È l’inchiesta più clamorosa dell’ultima stagione, l’incredibile ragnatela di potere creata intorno al Campidoglio da Massimo Carminati. Adesso quella rete di malaffare viete setacciata da un saggio scritto da Lirio Abbate de “l’Espresso” e da Marco Lillo de “il Fatto”. “I Re di Roma” (Chiarelettere, 256 pagine): prende il titolo dall’inchiesta giornalistica del nostro settimanale che nel 2012 svelò la spartizione criminale delal metropoli capitolina, prima ancora che le indagini ne ricostruissero l’organizzazione. Ecco in anteprima il capitolo finale, sulla matrice politica di questo scandolo: a comandare era il terrorista mai pentito che dava ordini a uomini di destra e sinistra.

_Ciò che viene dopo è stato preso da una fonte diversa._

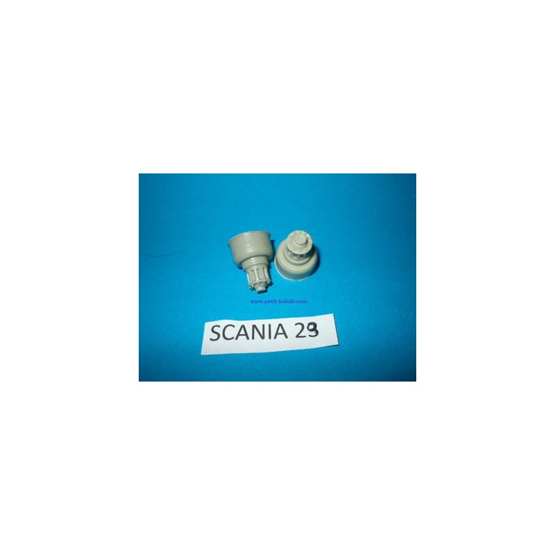 Moyeux arrières pour essieu moteur en résine à adapter sur vos maquettes Scania série 2 et 3 au 1/24. Vendus par paire
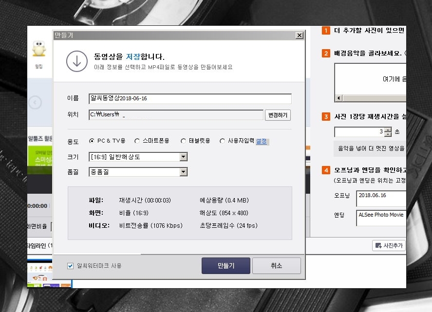 9. 동영상의 이름, 저장할 위치, 용도, 크기, 품질을 선택한 후에 만들기 버튼을 클릭하면 제작이 완료됩니다.
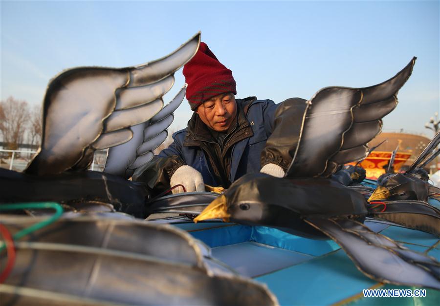 A worker makes a lantern in a flower expo park in Yinchuan, northwest China's Ningxia Hui Autonomous Region, Dec. 24, 2019. Workers make giant lanterns for the upcoming lantern festival which will be held from Dec. 31, 2019 to Feb. 9, 2020. (Xinhua/Jia Haocheng)
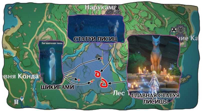 Направляйтесь в заброшенное святилище неподалеку от деревни Конда. По пути вам будут встречаться духи (загадочная тень). Если вы будете с ними взаимодействовать, то они будут перемещаться. Подойдите к главной статуе лисицы и прочитайте записи. Нам нужно собрать трех духов (шикигами) в одной точке со статуями лисиц. Взаимодействуйте с каждым духом, если дух остановился около лисиц, то идите следующему шикигами и далее собираем всех трех вместе.
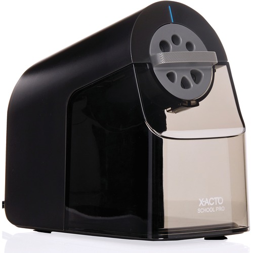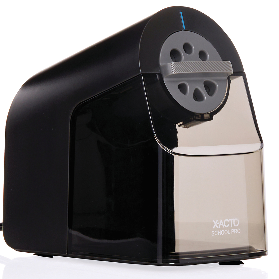Special cutting system provides a sharp rounded point. Cutters disengage when the correct pencil point is achieved. Auto-Reset motor shut-off prevents overheating. Large shavings receptacle. Non-skid feet.
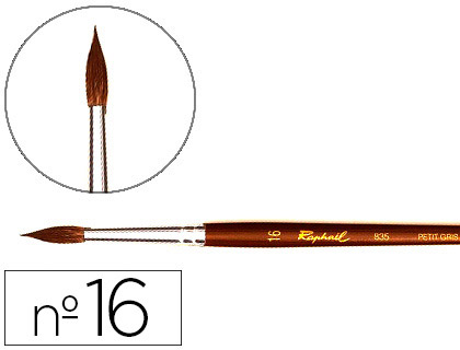 Pinceau raphaël petit gris pur nº4 manche court laqué marron virole aluminium anodisé
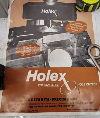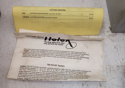 THIS HOLEX CIRCLE CUTTER TOOL, IDENTIFIED BY ITEM 04255618, IS DESIGNED FOR PRECISION CUTTING APPLICATIONS. THE TOOL FEATURES A CUTTING DIAMETER RANGE OF 1 TO 12 INCHES AND A MAXIMUM CUTTING DEPTH OF 1-1/2 INCHES. IT UTILIZES AN R8 SHANK FOR MOUNTING AND INCLUDES A 1-1/2 INCH DIAMETER STRAIGHT SHANK. THIS UNIT IS SUPPLIED BY THE OEM HOLEX.
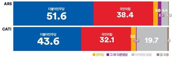 ARS 조사 결과에서 더불어민주당은 지지율 상승세가 멈추고 2주 전 지지율 수준인 51.6%로 돌아갔다. 국민의힘은 3주째 보인 하락세가 반등하며 지난주 대비 2%p 상승한 38.4%를 기록하였다. 주로 인천·경기, 대전·세종·충청 지역에서 지지율 반등이 큰 폭으로 나타났다. 연령별로는 30대와 50대에서 지난주 대비 큰 폭의 지지율 상승이 나타났다. 특히 매주 지지율 등락을 거듭한 30대에서 지난주와 달리 국민의힘 지지율이 8.8%p 오르며 32.9%를 기록하였다. 중도층에서도 지난 주 대비 7.3%p 오르며, 국민의힘 지지율을 36.3%까지 회복되었다. 그러나 국민의힘 콘크리트 지지율을 보여왔던 대구·경북 지역에서 더불어민주당 지지율 급등, 국민의힘 지지율이 급락하며 49.1%의 더불어민주당이 44.4% 지지율에 머문 국민의힘을 역전하는 이변이 나타났다.
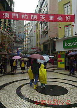 澳門板樟堂街鬧市懸掛醒目標語,表達出市民對回歸后的信心。中新社數碼傳真 賈國榮攝
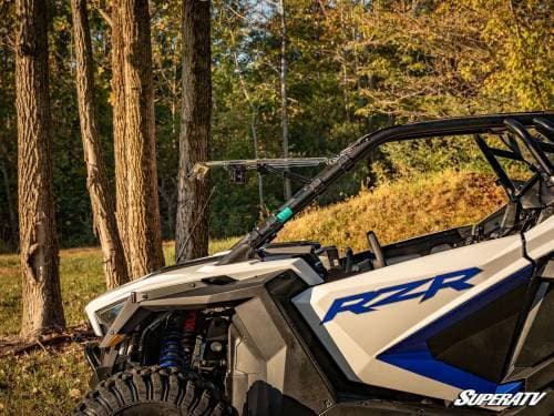 At 250 times stronger than glass, polycarbonate is the ultimate off-road windshield material. That’s why it’s the windshield material you want on your PRO XP—it stands up to branches, rocks, and rooster tails without breaking. Pair that strength with our proprietary XR Optic scratch-resistant hard coating and you get a windshield that’s built for battle.
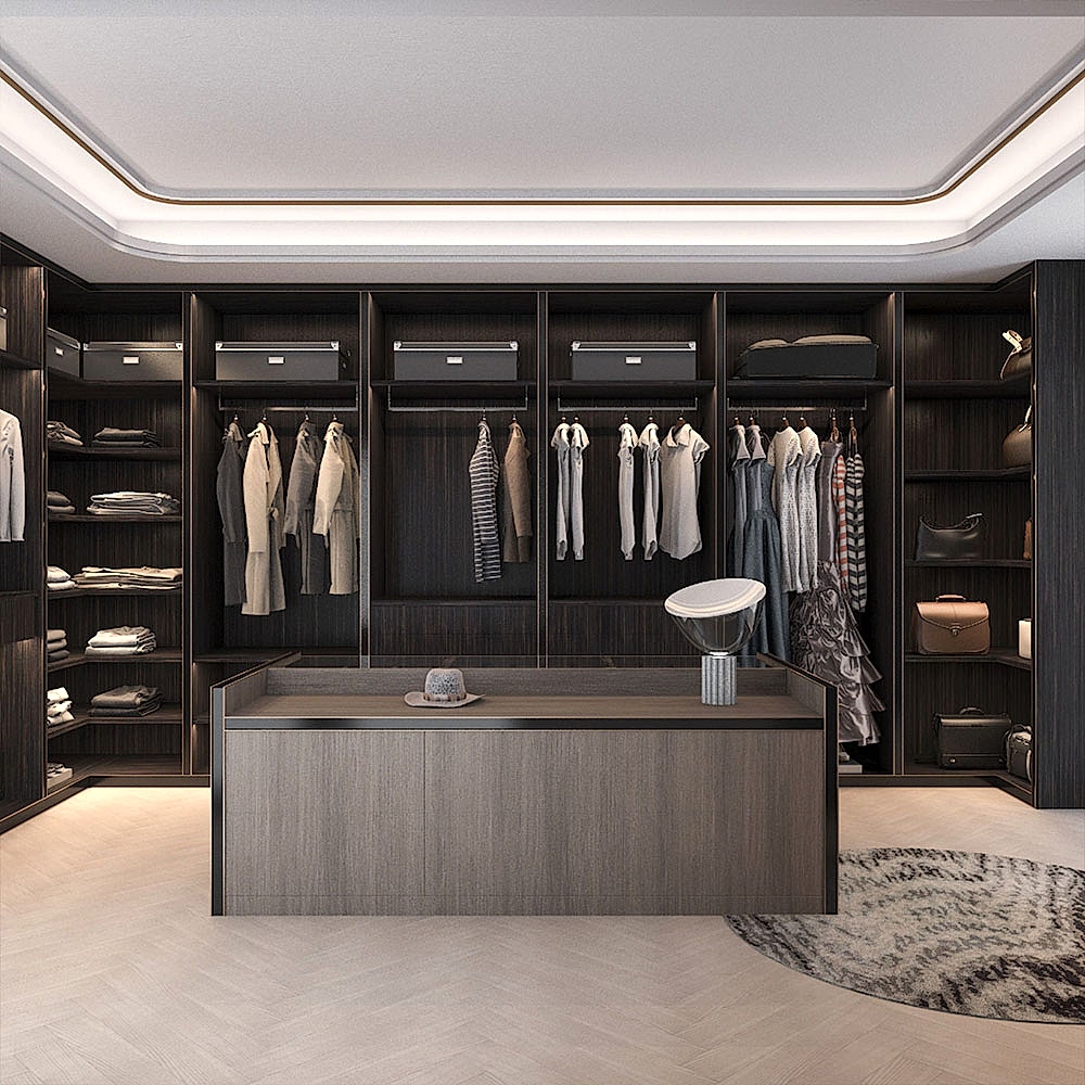Ventidue giyinme odası, modern tasarım anlayışını sade çizgiler ve net formlarla yansıtır. Fonksiyonel yerleşimi, günlük kullanımı konforlu ve düzenli bir deneyime dönüştürür.

In libreria per Chiarelettere il nuovo libro inchiesta di Lirio Abbate e Marco Lillo: ”I Re di Roma. Destra e sinistra agli ordini di mafia capitale”. Una storia incredibile, che è poi diventata l’inchiesta di Pignatone e che propone al lettore una mappa inquietante e dettagliata di ”un sistema criminale senza precedenti, che ha dominato Roma con la complicità di politica e istituzioni. Un sistema che pesa sui cittadini con disservizi visibili ogni giorno”.Intervista di Silvia Garroni

E dunque “Mafia Capitale” è di destra o è di sinistra? Massimo Carminati è il capo dell’organizzazione ed è un ex Nar, non certo un ex Br. Poche storie: «mafia Capitale» è di destra. Gaber risponderebbe: eh no, sembra facile. Il Nero è socio dipendente di una coop rossa, la 29 giugno, dunque lo vedi che «mafia Capitale» è di sinistra? L’ex sindaco di Roma, Gianni Alemanno, è indagato per associazione mafiosa con Buzzi e Carminati, dunque «mafia Capitale» torna a destra. Sì, ma Giuliano Poletti, da capo della Legacoop, andava a cena con uno dei capi di «mafia Capitale», Salvatore Buzzi, e dunque è di sinistra. Sì, ma a quella cena c’era pure il manager dell’Ama legato ad Alemanno, Franco Panzironi, dunque è di destra. E Ignazio Marino si faceva finanziare la campagna elettorale dalla coop rossa 29 giugno, quella che poi lucrava sugli immigrati, lo vedi che è di sinistra?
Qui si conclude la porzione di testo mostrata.